Records from a collection:

*** Begin section ***

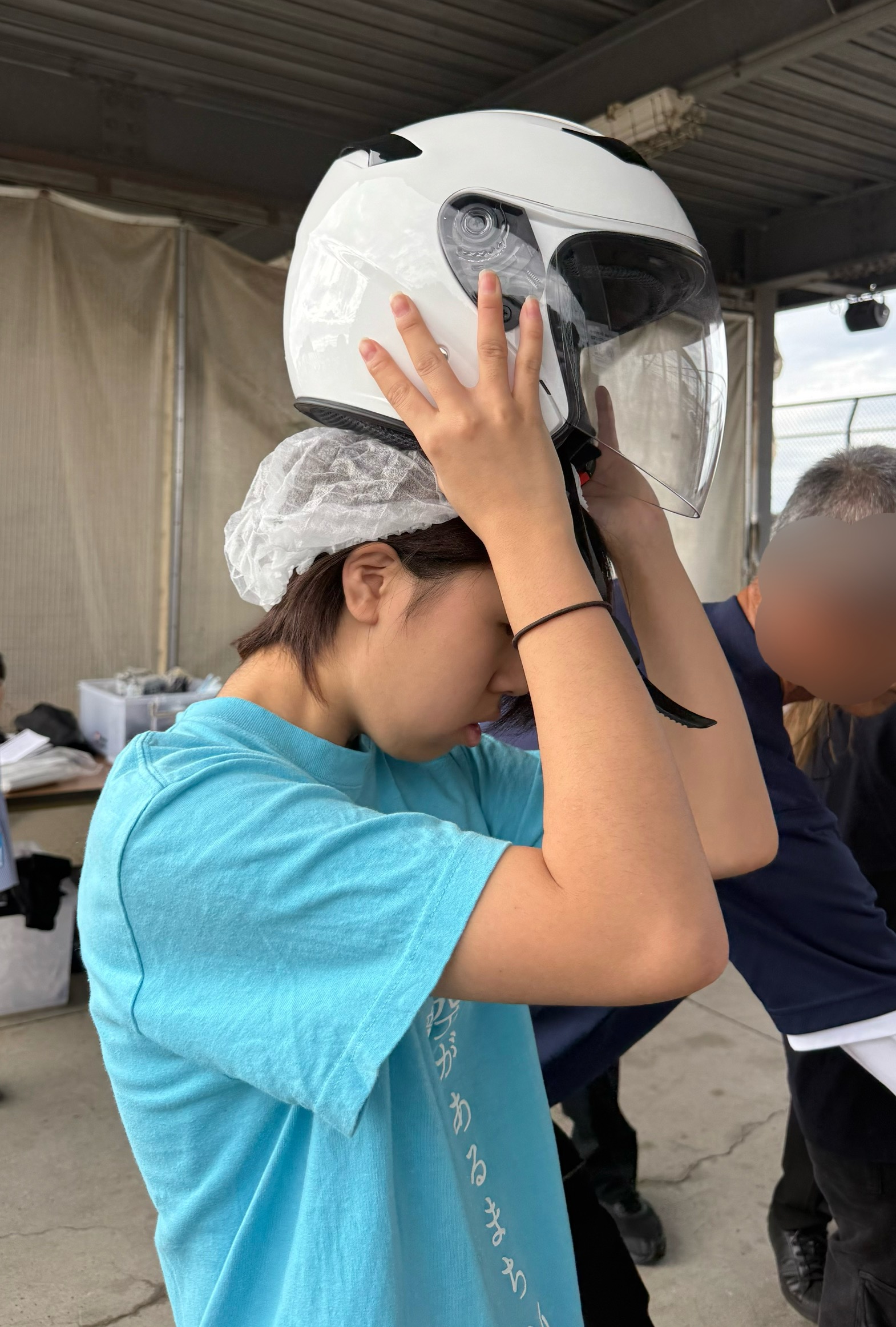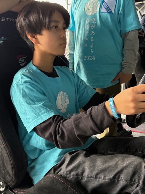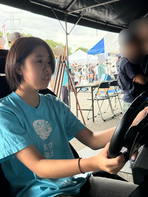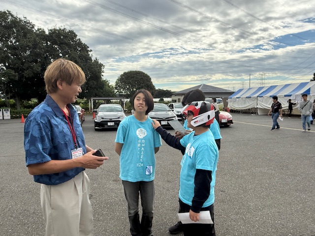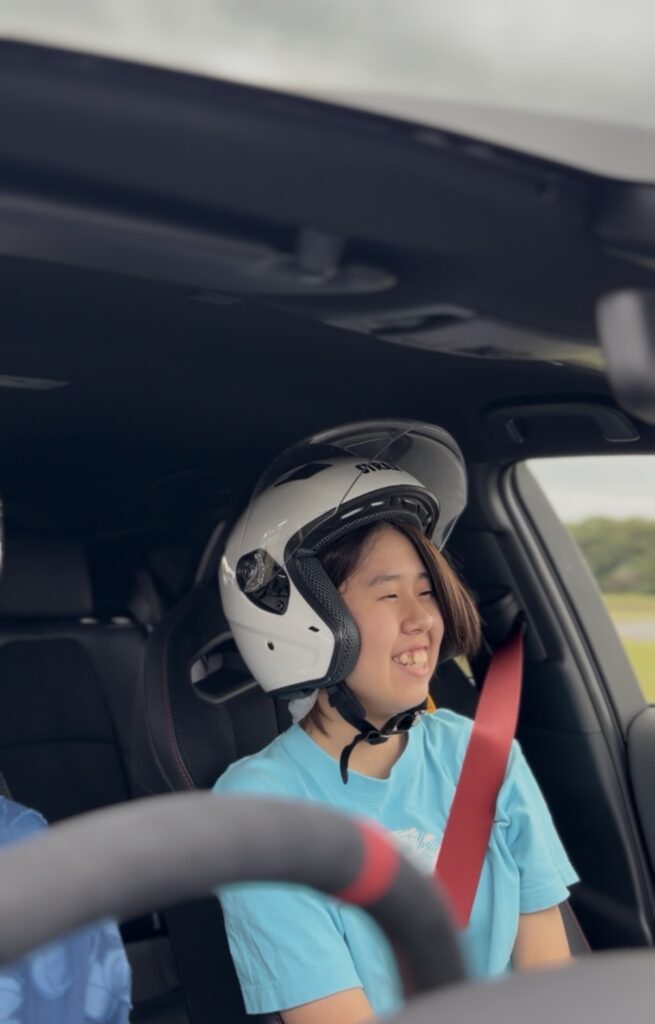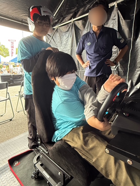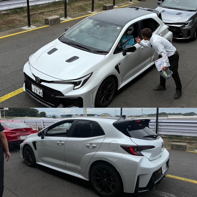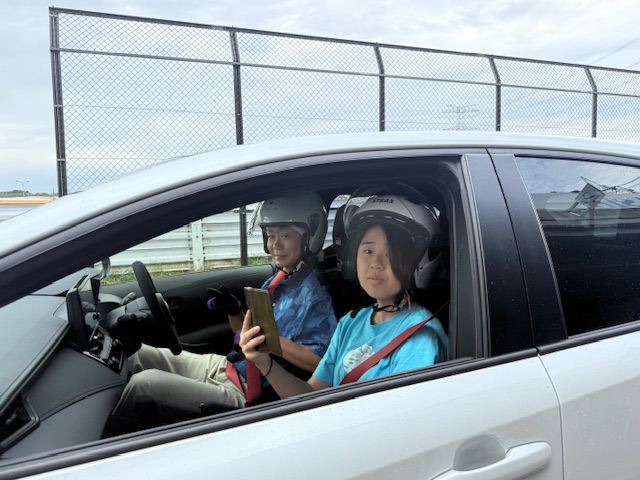 理事長のドライビングサポートには、Tちゃんが選出されました。ヘルメットをかぶって、GRカローラのコックピットにIN。二人ともやや緊張の面持ちです。
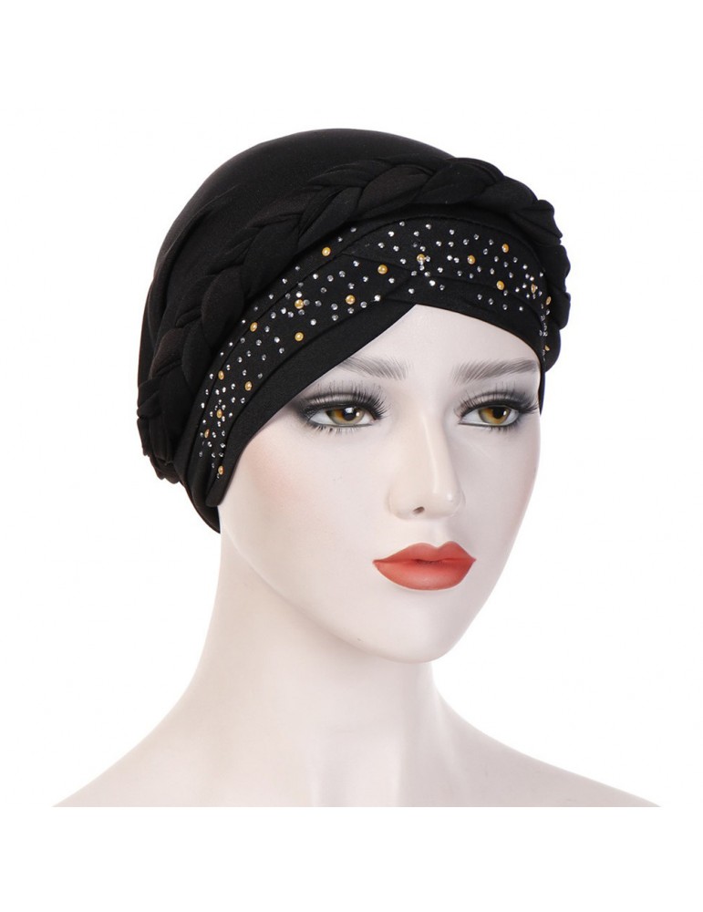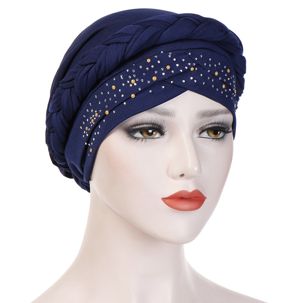 Womens Vintage Tie Point Drill Beanie Cap Casual Milk Silk Soft Solid Bonnet Hat Headpiece
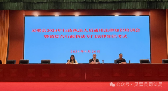 为深入学习贯彻习近平法治思想,全面提升行政执法质量和效能,确保镇赋权事项稳妥推进。2024年4月26日,灵璧县司法局联合县委编办、县委党校成功举办2024年度行政执法人员通用法律知识培训班暨镇综合行政执法专门法律知识考试。县政府副县长张颂军出席会议并讲话,全县各镇已持证和新申领执法证人员,县直各行政执法单位法制股负责人、执法业务骨干,各司法所所长,共计350余人参加培训。
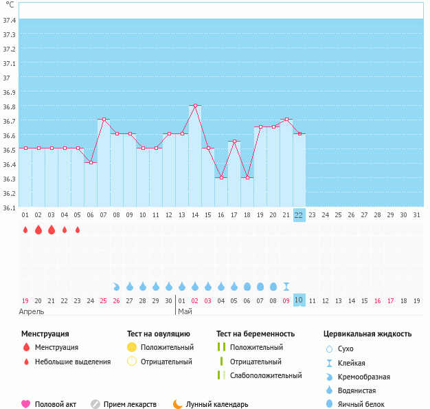 если честно, то сейчас даже не важно , что она прошла, пока муж далеко, я для себя веду. хоть бы вообще была)) А 36.8 — это выходной день был, я мерила в 9-30 утра, да и ЯБ был вчера посл.раз...
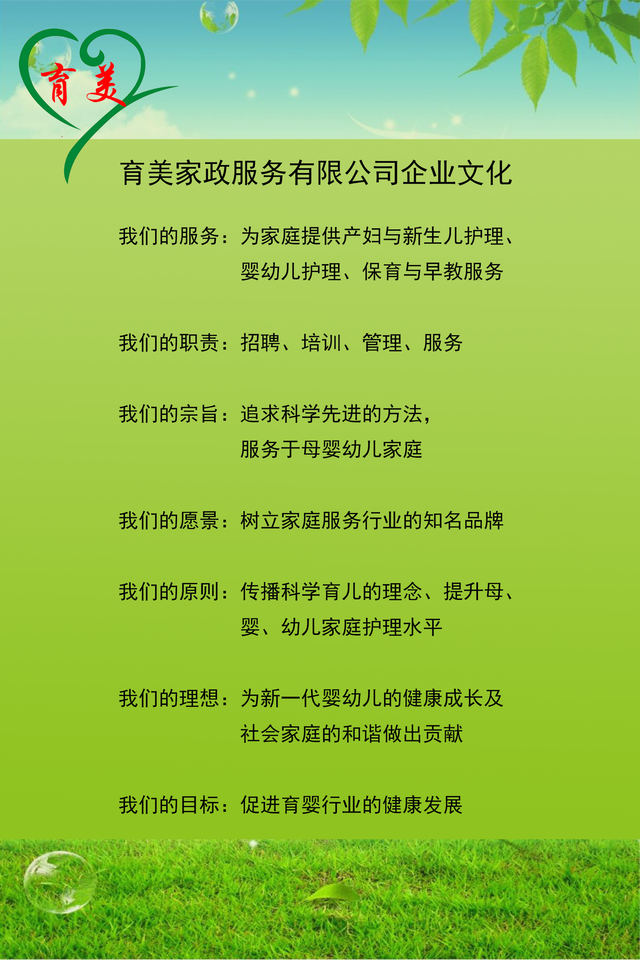 育美家政 專于婦嬰 來(lái)自華東 服務(wù)鄭州/育美家政服務(wù)有限公司是一家員工制管理(非中介)的公司。 主營(yíng)業(yè)務(wù):產(chǎn)婦護(hù)理和新生兒護(hù)理/0-3歲嬰幼兒護(hù)理/催乳按摩服務(wù)/月嫂和育嬰師培訓(xùn)/家庭育兒入戶指導(dǎo)
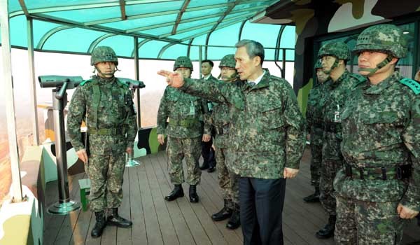김 장관은 최근 김정은이 “전면적 대결태세를 갖추라”고 지시한 점을 거론하며 북한군이 도발하면 초기에 철저히 분쇄하라고 당부했다. -
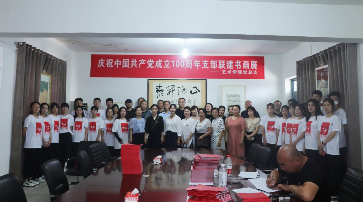 為營造慶祝建黨100周年活動氛圍,學院精心準備了師生書畫作品20余件,在焦作市墻南村委舉辦了支部聯建書畫展,以丹青筆墨慶祝黨的百年華誕的深厚情感,師生們一同觀看了畫展。
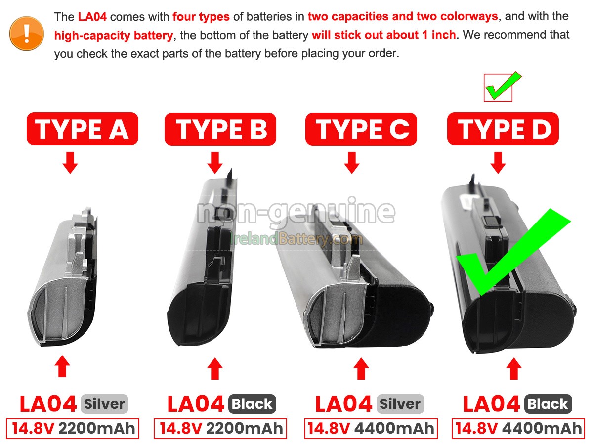 Note : 1. 14.4V and 14.8V are compatible, they are in common use. 2. Please ensure your old battery model is "HP LA04",not "HP OA04", since "HP LA04" and "HP OA04" batteries are very similar, but not the same battery.3. The 4400mAh(8 Cells) battery will extend out about 1 inch from the bottom of the laptop, bigger size but lasting longer.

*** End section ***

**DESCRIPTION OF THE TASK:** Using the entries above, repeat exactly the lines from the one with "Womens Vintage Tie" to the one with "为深入学习贯彻习近平法治思想", both included, and leave the pictures behind.

**COMPLETED EXERCISE:**
 Womens Vintage Tie Point Drill Beanie Cap Casual Milk Silk Soft Solid Bonnet Hat Headpiece
 为深入学习贯彻习近平法治思想,全面提升行政执法质量和效能,确保镇赋权事项稳妥推进。2024年4月26日,灵璧县司法局联合县委编办、县委党校成功举办2024年度行政执法人员通用法律知识培训班暨镇综合行政执法专门法律知识考试。县政府副县长张颂军出席会议并讲话,全县各镇已持证和新申领执法证人员,县直各行政执法单位法制股负责人、执法业务骨干,各司法所所长,共计350余人参加培训。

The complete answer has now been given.